**Activity:** Copy, word for word, the lines of the entries below between the one with "Фото сие оказалось" and the one with "Navy blue shorts", inclusive, and leave out everything else.

**Dataset excerpts:**

____

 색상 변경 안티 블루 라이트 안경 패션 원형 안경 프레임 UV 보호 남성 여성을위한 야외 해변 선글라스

____

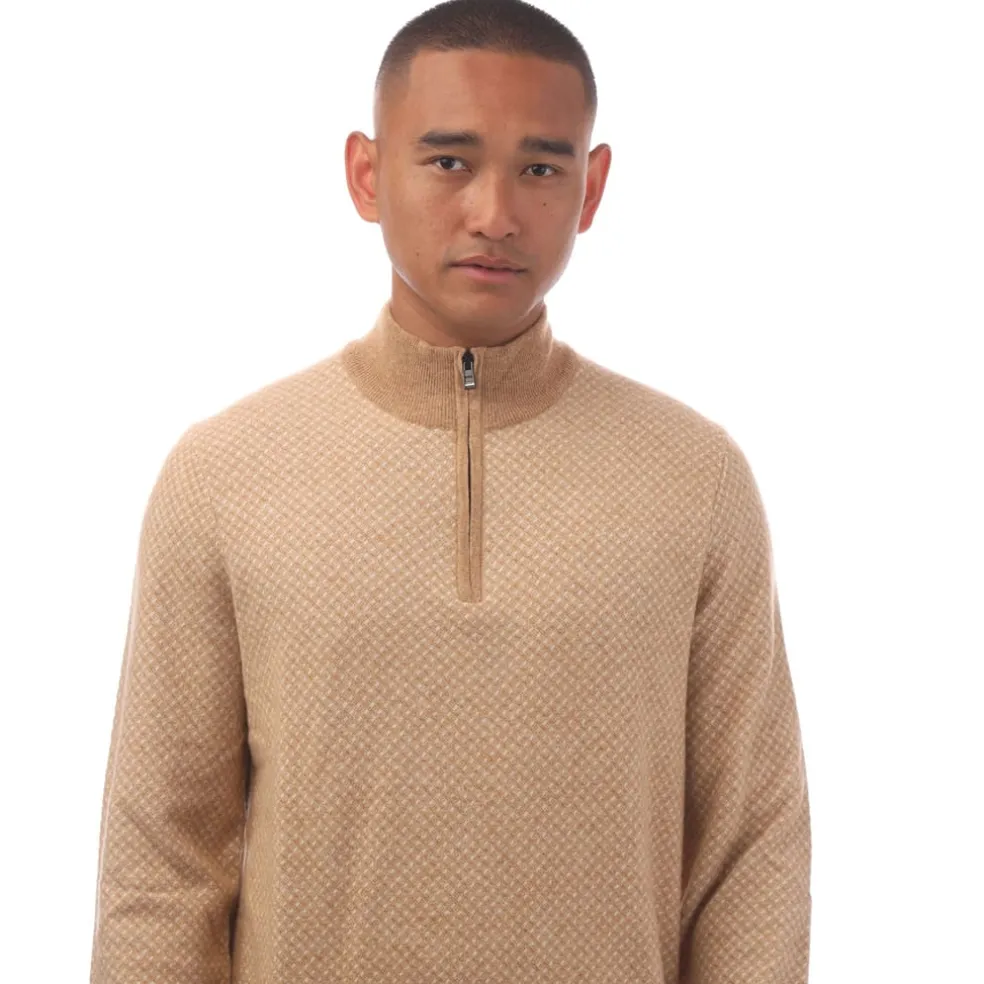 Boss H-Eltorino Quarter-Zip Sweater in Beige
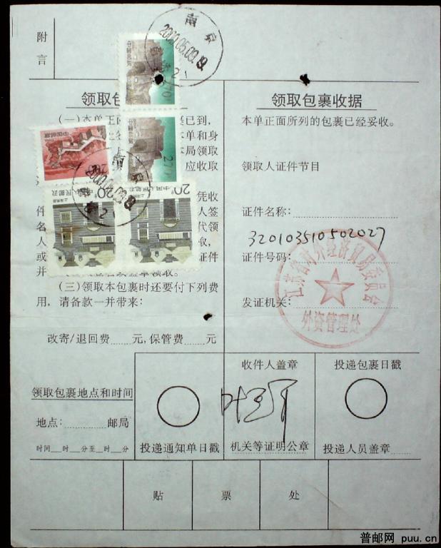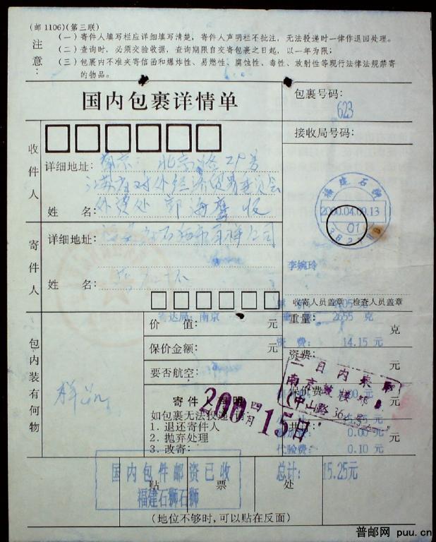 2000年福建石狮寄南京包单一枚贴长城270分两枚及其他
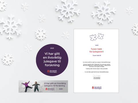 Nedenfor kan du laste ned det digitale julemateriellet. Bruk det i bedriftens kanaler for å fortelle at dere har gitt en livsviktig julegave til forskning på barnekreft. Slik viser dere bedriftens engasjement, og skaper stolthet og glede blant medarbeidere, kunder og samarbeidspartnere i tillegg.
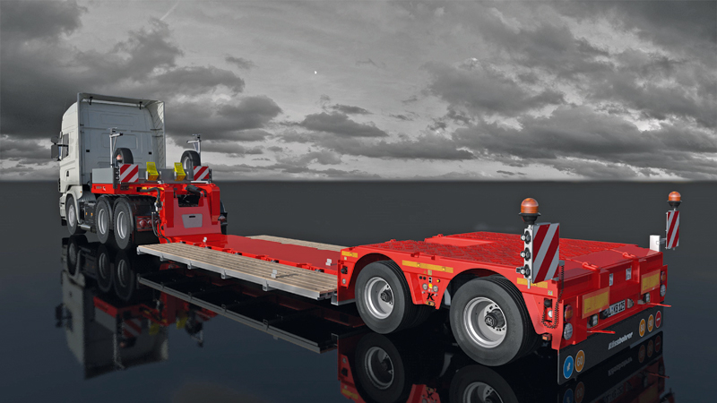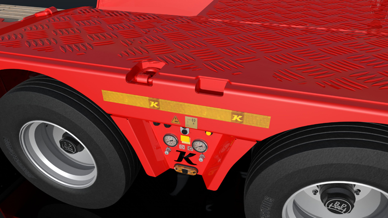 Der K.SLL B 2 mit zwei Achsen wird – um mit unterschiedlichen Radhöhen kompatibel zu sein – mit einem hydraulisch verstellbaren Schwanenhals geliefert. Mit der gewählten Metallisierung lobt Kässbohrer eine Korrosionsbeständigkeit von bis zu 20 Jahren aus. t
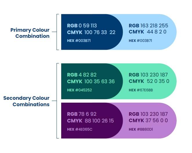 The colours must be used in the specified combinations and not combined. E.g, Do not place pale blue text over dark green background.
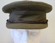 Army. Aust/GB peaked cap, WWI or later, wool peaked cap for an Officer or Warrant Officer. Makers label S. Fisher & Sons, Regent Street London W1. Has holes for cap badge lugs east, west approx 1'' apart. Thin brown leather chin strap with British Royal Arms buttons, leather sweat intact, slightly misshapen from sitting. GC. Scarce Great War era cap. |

____

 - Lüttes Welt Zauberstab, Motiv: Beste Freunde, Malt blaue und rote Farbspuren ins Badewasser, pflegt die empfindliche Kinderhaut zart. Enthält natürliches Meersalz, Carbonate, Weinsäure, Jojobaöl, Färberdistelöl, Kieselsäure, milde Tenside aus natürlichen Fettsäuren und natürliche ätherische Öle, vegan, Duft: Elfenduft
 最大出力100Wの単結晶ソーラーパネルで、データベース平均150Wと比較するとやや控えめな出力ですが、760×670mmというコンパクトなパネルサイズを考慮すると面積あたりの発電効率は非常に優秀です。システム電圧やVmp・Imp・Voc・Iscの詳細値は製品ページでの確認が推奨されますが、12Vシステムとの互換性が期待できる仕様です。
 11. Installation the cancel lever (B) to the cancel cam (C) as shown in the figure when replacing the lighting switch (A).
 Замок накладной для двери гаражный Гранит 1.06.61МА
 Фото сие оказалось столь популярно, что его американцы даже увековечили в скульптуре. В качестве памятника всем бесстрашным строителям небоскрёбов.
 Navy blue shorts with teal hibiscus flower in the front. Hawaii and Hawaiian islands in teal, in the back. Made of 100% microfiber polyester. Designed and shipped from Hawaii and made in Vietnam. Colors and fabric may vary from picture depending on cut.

____

**Result:**
 Фото сие оказалось столь популярно, что его американцы даже увековечили в скульптуре. В качестве памятника всем бесстрашным строителям небоскрёбов.
 Navy blue shorts with teal hibiscus flower in the front. Hawaii and Hawaiian islands in teal, in the back. Made of 100% microfiber polyester. Designed and shipped from Hawaii and made in Vietnam. Colors and fabric may vary from picture depending on cut.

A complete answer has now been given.